У самой воды, словно специально для них двоих, росла густая зеленая травка, и на этот бархатный ковер Стоун опустил девушку. С минуту он просто лежал рядом, опираясь на локоть, и не мог наглядеться, потом прикосновения и ласки возобновились. На этот раз Тэра отдавалась им покорно, чувствуя, как исчезает напряжение дня, как она раскрывается для большей близости. Дурманящий, завораживающий шепот звучал не столько в ее ушах, сколько в затуманенном сознании, и она заново узнавала о том, как прекрасна и как желанна.

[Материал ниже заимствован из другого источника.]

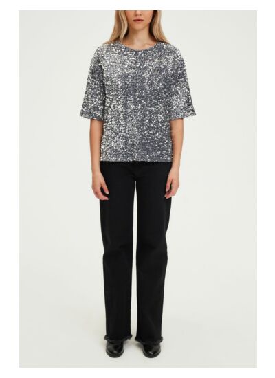 Ajoutez une touche d'éclat à votre garde-robe avec ce top à sequins argentés, parfait pour illuminer vos soirées. Sa forme droite flatte toutes les silhouettes, tandis que le motif scintillant attire tous les regards. Avec son col rond et ses manches courtes, ce top allie confort et élégance, idéal pour une sortie entre amis ou un événement festif. Imaginez-vous briller sur la piste de danse, ou simplement lors d'un dîner chic, en portant ce vêtement qui respire la joie et la convivialité.

Во время этой чудесной прелюдии Тэра была совершенно спокойна и даже счастлива. Так легко было погрузиться в шепот, как в омут, потерять себя совершенно, поверить в то, что все будет хорошо, что Стоун, как чародей, заставит рассеяться все ее страхи. Одновременно в ней нарастал жар, кровь быстрее бежала в жилах — это крепло желание, готовясь вырваться на свободу и завладеть ею, но пока вес еще кроткое и покорное. Сильные и ловкие, смуглые пальцы скользили по телу девушки, повторяя его изгибы, находя чувствительные уголки, дразня и волнуя. Все, что с таким трудом было подавлено, раскрывалось, обретало новую жизнь точно так же, как поникшая трава поднимается после живительного ливня. Мало-помалу с губ Тэры начали срываться тихие стоны, она выгибалась навстречу ласкающим рукам, которые ни на мгновение не прекращали своих сладостных блужданий. Она все еще была одурманена, но уже смутно желала дикого самозабвения полной близости.
— Те quiero…
Что это могло значить? Держа Тэру в объятиях, Стоун нередко забывался и переходил на испанский. Да и не все ли равно, что это были за слова, если они сопровождали столь упоительные ласки?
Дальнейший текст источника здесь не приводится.